Multiple cleavage sites for polymeric immunoglobulin receptor

Abstract

Human polymeric immunoglobulin receptor (pIgR) was expressed in baby hamster kidney (BHK) cells using a recombinant vaccinia virus transfection system. Cleavage of pIgR on the cell surface was partially inhibited by the proteinase inhibitor, leupeptin. We addressed the question whether some particular regions of pIgR could affect the efficient cleavage of this molecule, with the following results: (1) a mutant lacking the entire cytoplasmic region resulted in release of secretory component (SC) into the culture supernatant much faster than wild-type; (2) a pIgR mutant lacking the entire extracellular domain 6, the region containing the susceptible cleavage sites, could be cleaved and released as a mutant SC. The transport kinetics of this mutant between endoplasmic reticulum (ER) and Golgi or Golgi and the cell surface was equivalent to wild-type pIgR. Our results indicate that although the main cleavage site is in domain 6, at least one other cleavage site may exist.

Figure 1

pIgR cleavage on the surface of BHK cells is leupeptin-dependent.
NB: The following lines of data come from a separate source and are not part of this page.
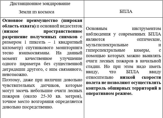 Сравнительные возможности систем дистанционного зондирования Земли из космоса и БПЛА представлены ниже.
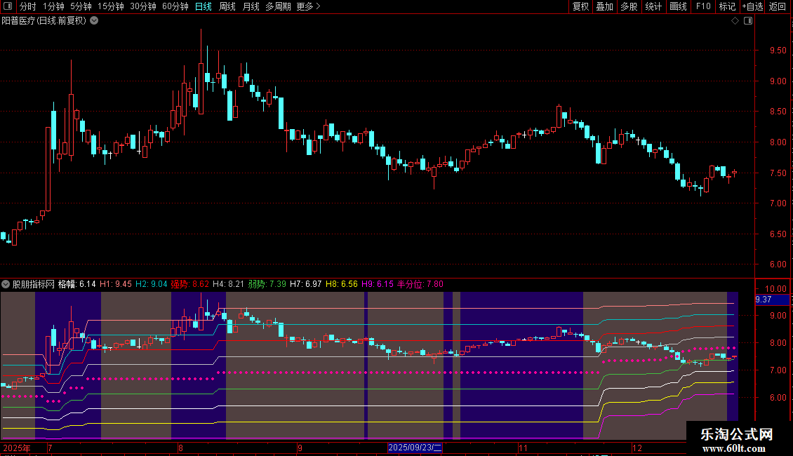 半分位:高-(高-低)*0.55,POINTDOT,LINETHICK4,COLOR9900FF;
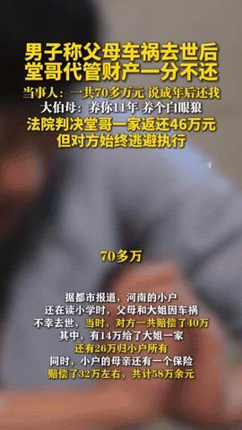 “代管遗产变占有?”河南,一小伙父母车祸去世,留下70多万赔偿款,堂哥主动接手代管,承诺说“我替你管着,成年 就还”,结果11年后一分不给还骂白眼狼?小伙:“养我有恩我忍,但不能一分不给吧!” 小户表示,当时堂哥私下给他说跟着他们住,赔偿的钱由他们代为保管等成年就归还。 可等他大学毕业要这笔钱时,堂哥却说花光了,连10多万孤儿补贴和租金也被占了。 更讽刺的是,小户翻出流水,三年大学堂哥才给了1.4万。 法院判堂哥还46万,可人家直接失联跑路,名下财产也早转没了,更气人的是,堂哥还拿这笔钱给自家儿子娶媳妇买车。 大伯母还喊着:“养你11年对你这么好,养个白眼狼”。 法律明明规定,监护人不能随便动被监护人的钱,这根本就是借着亲情“吃绝户”。 养恩和贪财从来不是一回事,占孤儿的钱良心不会痛吗?
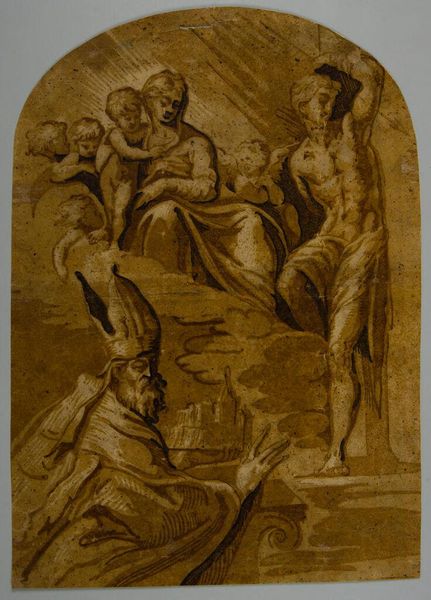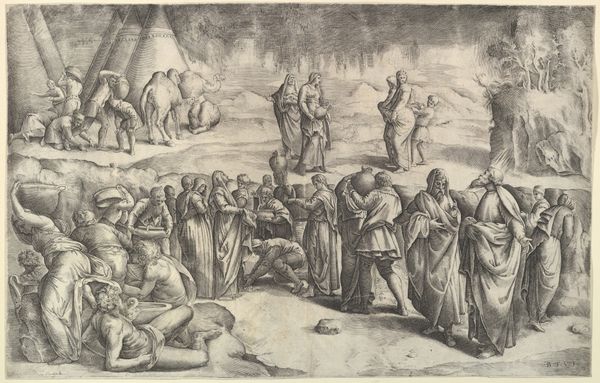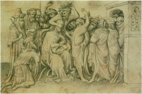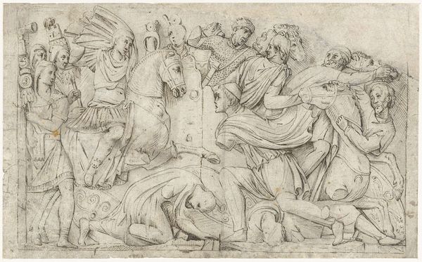Editor: This drawing, "Noah, his Family and the Animals Leaving the Ark," is by an anonymous artist. It depicts the biblical scene with delicate lines in brown ink. It feels like a moment of hope and renewal, but what do you see in this work, especially considering its historical context? Curator: I see a powerful intersection of faith, family, and the environment. The depiction of Noah’s family highlights the importance of lineage and continuation, resonating with societal structures that often prioritize patriarchal narratives. But what about the animals? Editor: They seem to represent a chance to rebuild what was lost. Curator: Precisely, it prompts questions about our own responsibilities in the face of environmental catastrophe. Who gets saved, and who gets left behind in our modern "arks?" What do we owe future generations in terms of the planet we leave behind? Editor: It's incredible how a seemingly simple drawing can spark such complex thoughts. Curator: Art is a mirror reflecting our values and challenging our beliefs, and that is invaluable to how we interact with the world around us.
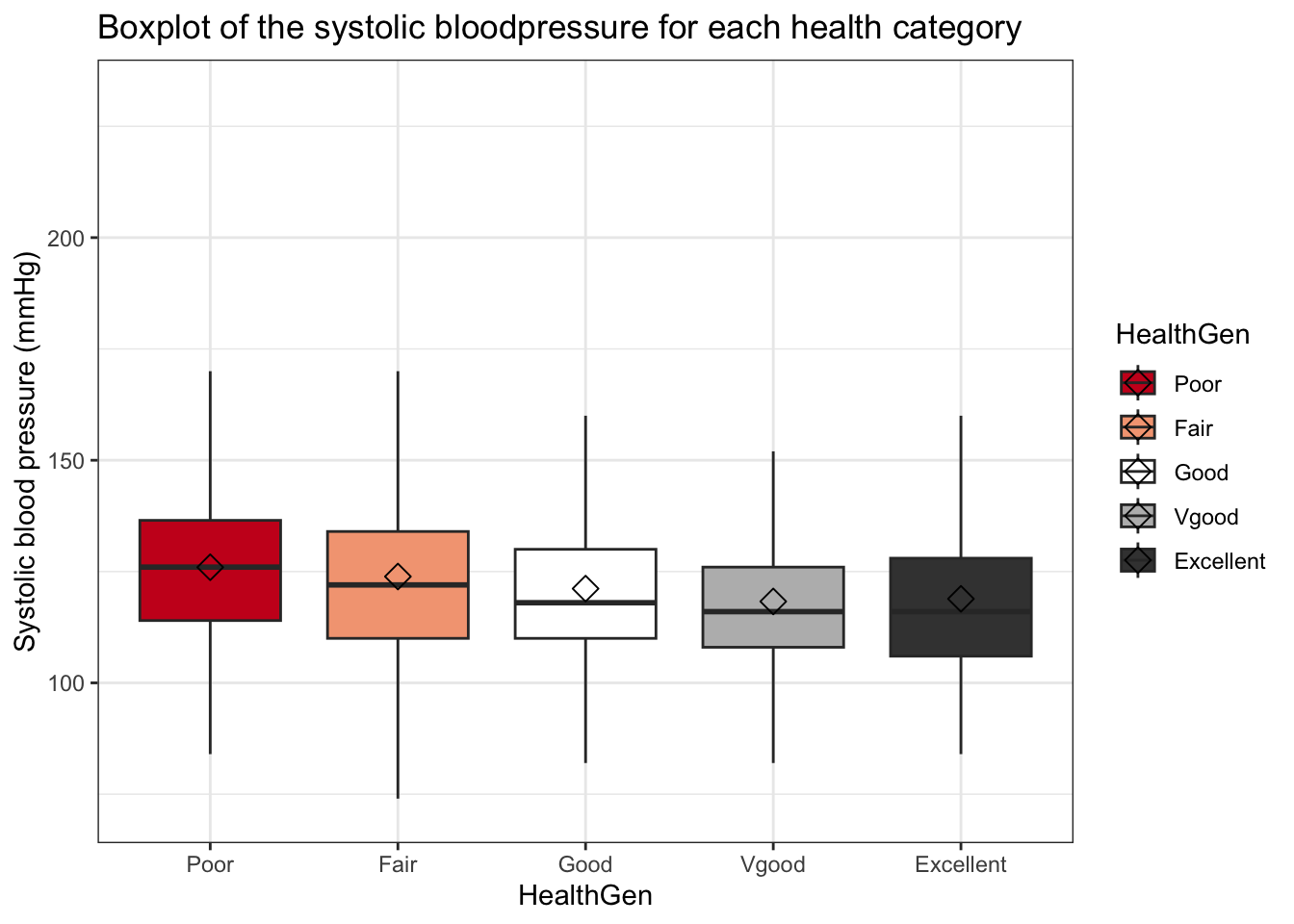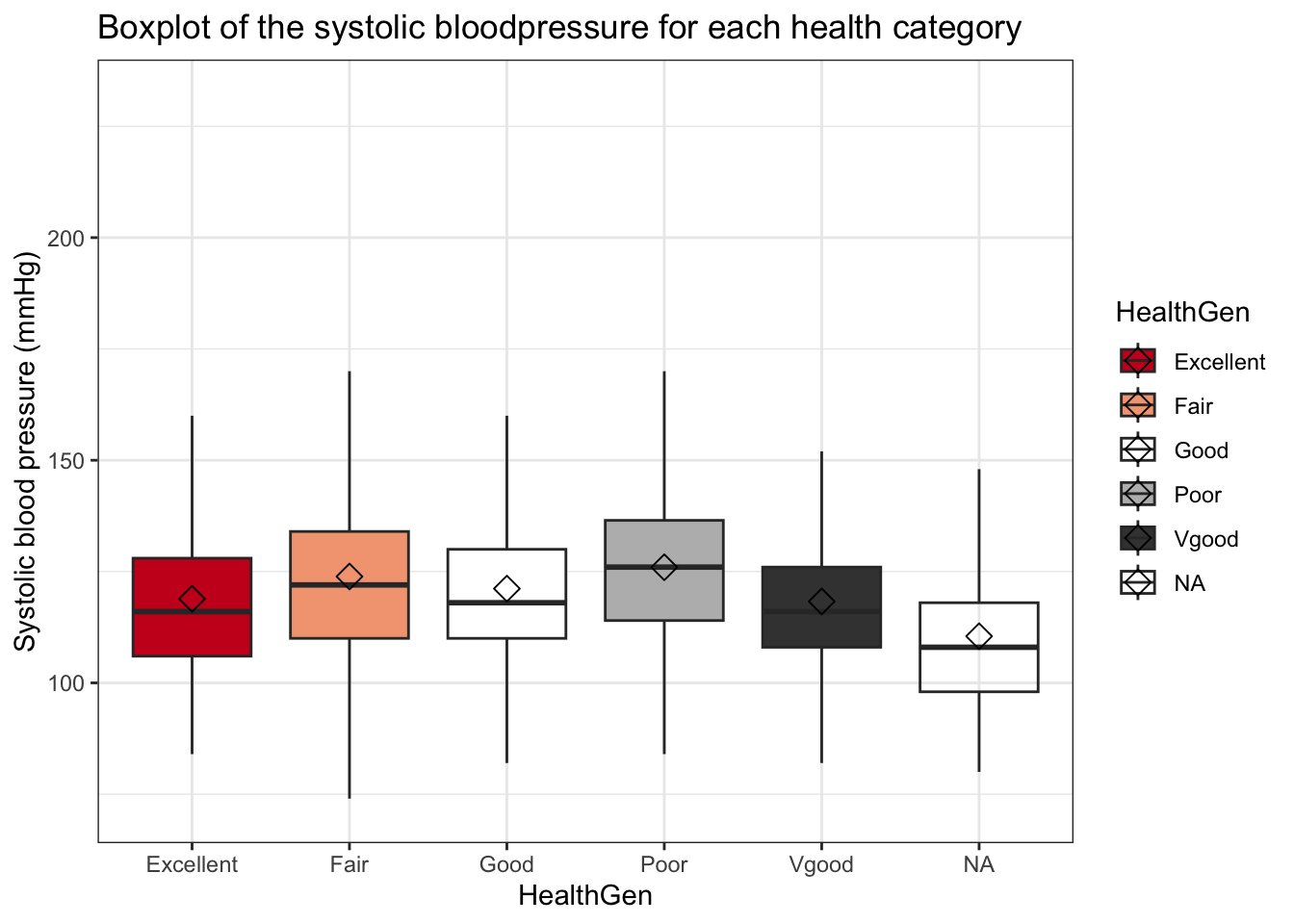 ggplot(aes(x = HealthGen, y = BPSys1, fill = HealthGen)) +
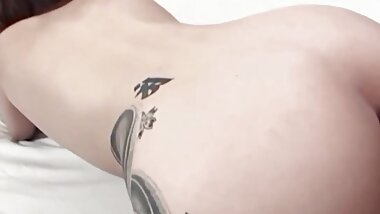 "Cum splatters all over this Asian sweeties stomach as her guy cums over and over"
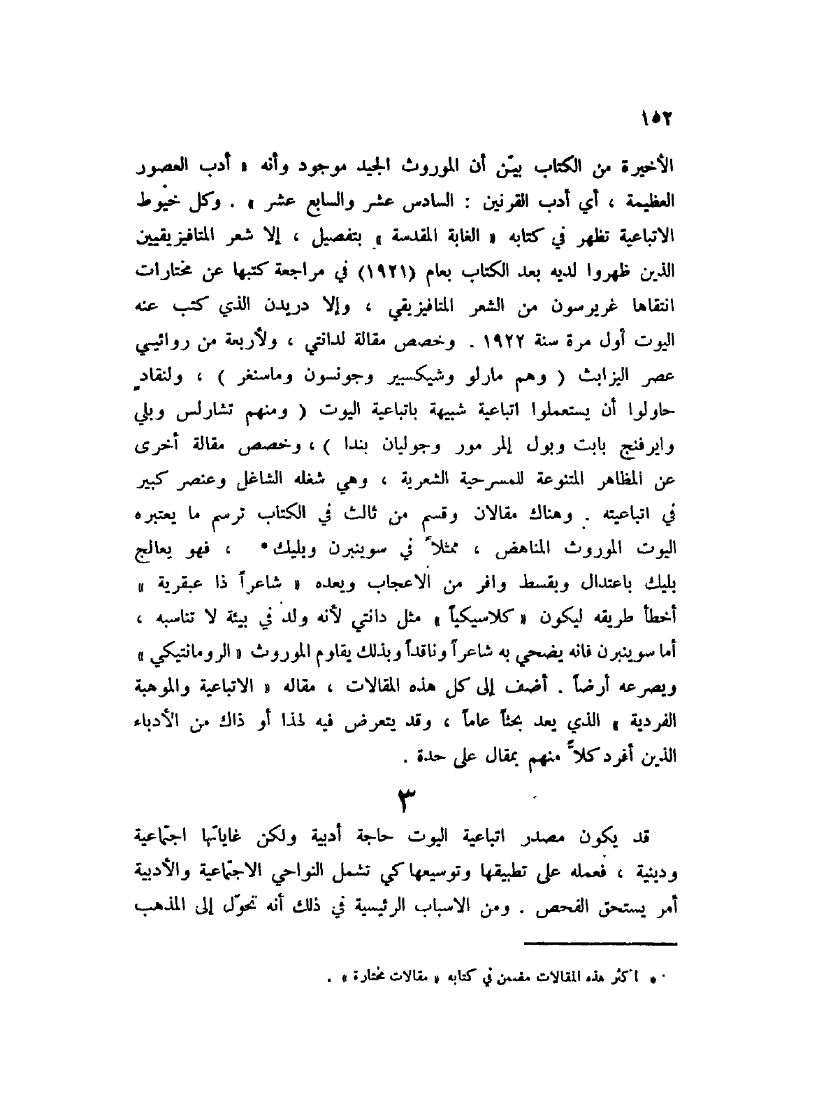 الأخيرة من الكتاب بين أن الموروث الجيد موجود وأنه " أدب العصور العظيمة، أي أدب القرنين: السادس عشر والسابع عشر ". وكل خيوط الاتباعية تظهر في كتابه " الغابة المقدسة " بتفصيل، إلا شعر المتافيزيقيين الذين ظهروا لديه بعد الكتاب بعام (1921) في مراجعة كتبها عن مختارات انتقاها غريرسون من الشعر المتافيزيقي، وإلا دريدن الذي كتب عنه اليوت أول مرة سنة 1922. وخصص مقالة لدانتي، ولأربعة من روائي عصر اليزابث (وهم مارلو وشكسبير وجونسون وماسنغر) ، ولنقادٍ حاولوا أن يستعملوا اتباعية شبيهة باتاعية اليوت (ومنهم تشارلس وبلي وايرفنج بابت وبول إلمر مور وجوليان بندا) ، وخصص مقالة أخرى عن المظاهر المتنوعة للمسرحية الشعرية، وهي شغله الشاغل وعنصر كبير في اتباعيته. وهناك مقالان وقسم من ثالث في الكتاب ترسم ما يعتبره اليوت الموروث المناهض، ممثلاً في سوينبرن وبليك (1) ، فهو يعالج بليك باعتدال وبقسط وافر من الاعجاب ويعده " شاعراً ذا عبقرية " أخطأ طريقه ليكون " كلاسيكياً " مثل دانتي لأنه ولد في بيئة لا تناسبه، أما سوينبرن فإنه يضحي به شاعراً وناقداً وبذلك يقاوم الموروث " الرومانتيكي " ويصرعه أرضاً. أضف إلى كل هذه المقالات، مثاله " الاتباعية والموهبة الفردية " الذي يعد بحثاً عاماً، وقد يتعرض فيه لهذا أو ذاك من الأدباء الذين أفرد كلاً منهم بمقال على حدة.

The pIgR transfectants were metabolically labelled with [³⁵S]-cysteine. Cells were then further cultured with or without 10 µg/ml of leupeptin for 16 h at 37°. The cell lysates and culture supernatants were prepared and immunoprecipitataed with polyclonal rabbit antihuman SC antibody, followed by protein G-Sepharose. In the presence of leupeptin, 70% of SC release was inhibited. Reciprocally, 70% more pIgR was detected in cell lysates.

Figure 2

Schematic diagram of the deletion mutants of pIgR. The bold region (69 amino acids) represents the extracellular Domain 6 and all the amino acids in this domain were deleted in ΔCL mutant. The conserved susceptible cleavage site within this area is depicted as ▪. The thick region (22 amino acids) highlighted by the vertical lines represents the transmembrane region and the following sequence (103 amino acids) corresponds to the intracellular region. In the ΔTMCP mutant, both the transmembrane and intracellular regions were deleted. For ΔCP mutant, only the intracellular region was deleted. GSRDVSLAKADAAPDEKVLDSGFREIENKAIQDPRLFAEEKAVADTRDQADGSRASVDSGSSEEQGGSSLVSTLVPLGLVLAVGAVAVGVARARHRKNVDRVSIRSYRTDISNSREFGANDNMGASSITQETSLGGKEEFVATTESTTETKEPKKAKRSSKEEAEMAYKDFLLQSSTVAAEAQDGPQEA.

Figure 3

Expression of wild-type and mutants of pIgR. The wild-type, ΔCP, ΔTMCP and ΔCL mutants were transfected into BHK cells. 5·5 hr after transfection, cell lysates were prepared and loaded onto 8% SDS–PAGE gels. Western blotting was performed using polyclonal rabbit anti-human SC antibody followed by HRP-conjugated goat anti-rabbit IgG (H + I) antibody. The expression levels of the mutant proteins were equivalent to wild-type protein.

Figure 4

Release of free SC from wild-type- and mutant-transfectants. The wild-type- and mutant-transfectants were metabolically labelled as in Fig. 1 and further cultured with 10% FCS-DMEM for 16 hr. The cell lysates and culture supernatants were then immunoprecipitated with polyclonal rabbit anti-human SC and protein G-Sepharose. The samples were loaded onto 8% SDS–PAGE gels. In cell lysates of ΔCP and ΔTMCP mutants, no labelled protein was detected. In the culture supernatant of the ΔCL mutant, two different molecular weight bands were detected.

Figure 5

(a) The ΔCL mutant has the same ER–Golgi transport rate as wild-type pIgR. The wild-type and ΔCL mutant were transfected into BHK cells and metabolically labelled with [³⁵S]-cysteine for 15 min. The cell lysates were prepared at the indicated times and subjected to immunoprecipitation. The samples were loaded onto 8% SDS–PAGE gels. The molecular maturation kinetics were identical in both wild-type and ΔCL mutant. At 0 min of chase, only single bands were observed. At 30 min of chase, both ER and Golgi forms were detected and at 1 hr of chase all labelled protein were matured to the Golgi form.(b) Detection of cell surface-expressed wild-type and ΔCL mutant molecules. Wild-type or ΔCL mutant were transfected into BHK cells. Detection of the cell surface-expressed pIgR molecules was performed as described in Materials and Methods. The transport of the wild-type and ΔCL mutant to the cell surface was kinetically equivalent.